Whole-genome sequence analysis of Vibrio cholerae from three outbreaks in Uganda, 2014 - 2016

Abstract

Background: Cholera remains a serious public health problem in Uganda and Africa. The aim of this study was to provide the complete array of antimicrobial resistance genes, integrative and conjugative elements, virulence genes, pathogenicity islands, plasmids, and insertion sequences in the strains. In addition, this study also aimed to provide a single nucleotide polymorphism (SNP) based phylogenetic analysis of the strains. Methods: In the analysis, both Linux and web-based bioinformatics approaches were used to analyze the study sequences. Databases used included; FastQC, MultiQC, Snippy, PANTHER, PATRIC, Unicycler, ISFinder, Center for Genomic Epidemiology pipelines (i.e. MLST, PlasmidFinder, MyDbFinder, and ResFinder), MashTree and IcyTree.  Results: The 10 sequenced strains of Vibrio cholerae were found to carry virulence-associated genes including MakA, ctxA, ctxB, carA, carB, trpB, clpB, ace, toxR, zot, rtxA, ompW, ompR, gmhA, fur, hlyA, and rstR. Also identified were: genes of the Type VI secretion system including vasA-L, vgrG-2, vgrG-3, vipA/mglA, and vipB/mglB; alsD (VC1589), involved in the synthesis of 2,3-butanediol; alsR, involved in the acetate-responsive LysR-type regulation; makA, the flagella-mediated cytotoxin gene; Type VI pilus genes including tcpA-F, tcpH-J, tcpN, tcpP-T, and icmF/vasK; adherence genes acfA-D and IlpA; and quorum sensing system genes luxS and cqsA. Pathogenicity islands identified comprised of VSP-1 and VSP-2, as well as VPI-1 and VPI-2. In addition, strA and B, APH(3'')-I, APH(3'')-Ib, APH(6)-Id, APH(6)-Ic, murA, pare, dfrA1, floR, catB, and catB9 were among the antimicrobial resistance genes found in the sequences.
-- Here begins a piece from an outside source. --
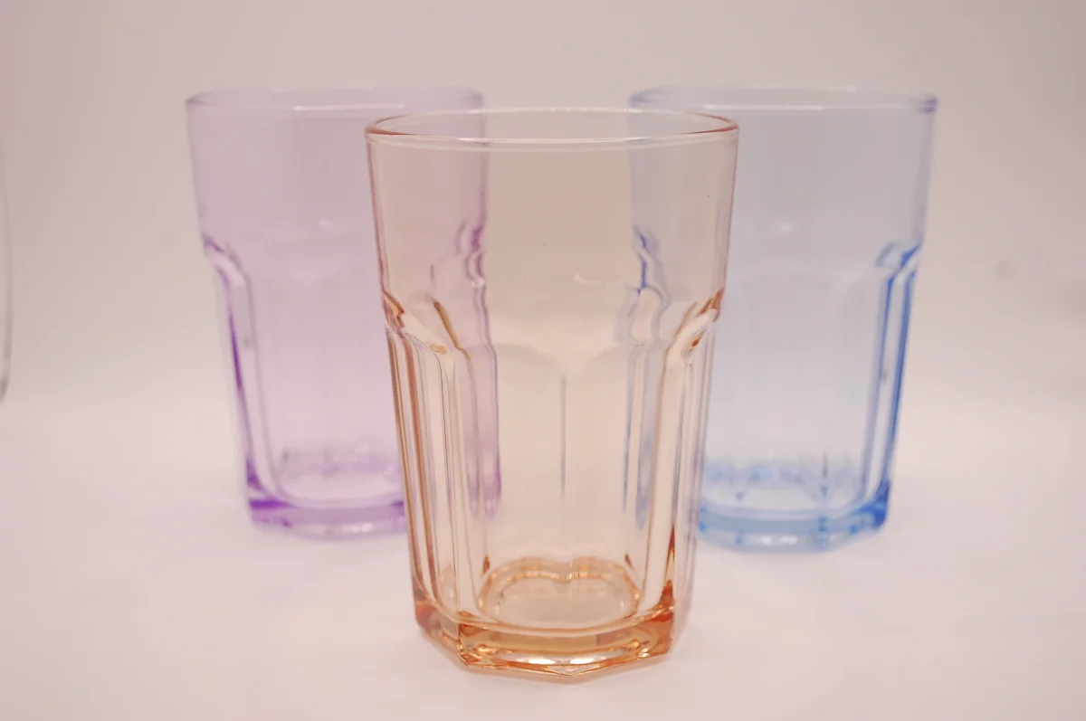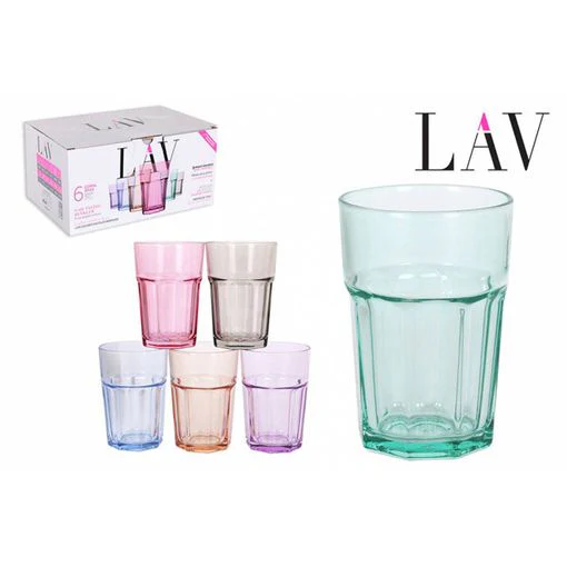 Dessa stilfulla dricksglas kommer i ett set om 6 stycken och har en kapacitet på 365 ml vardera. De är tillverkade av högkvalitativt glas och har en vacker, mångfärgad design som tillför en färgstark touch till alla dukningar. Med en höjd på 121 mm är de perfekta för servering av vatten, juice, läsk eller andra drycker. Glasen är dessutom diskmaskinssäkra, vilket gör dem både praktiska och enkla att rengöra.

Analysis for SNPs shared among the sequences showed that the sequenced strains shared 218 SNPs and of these, 98 SNPs were missense. Gene enrichment analysis of these SNPs showed enrichment in genes that mediate transmembrane-signaling receptor activity, peptidyl-prolyl cis-trans isomerase activity, and phosphor-relay response regulator activity. Conclusions: This study applied bioinformatics approaches to provide comprehensive genomic analysis of V. cholerae genomes obtained from Uganda.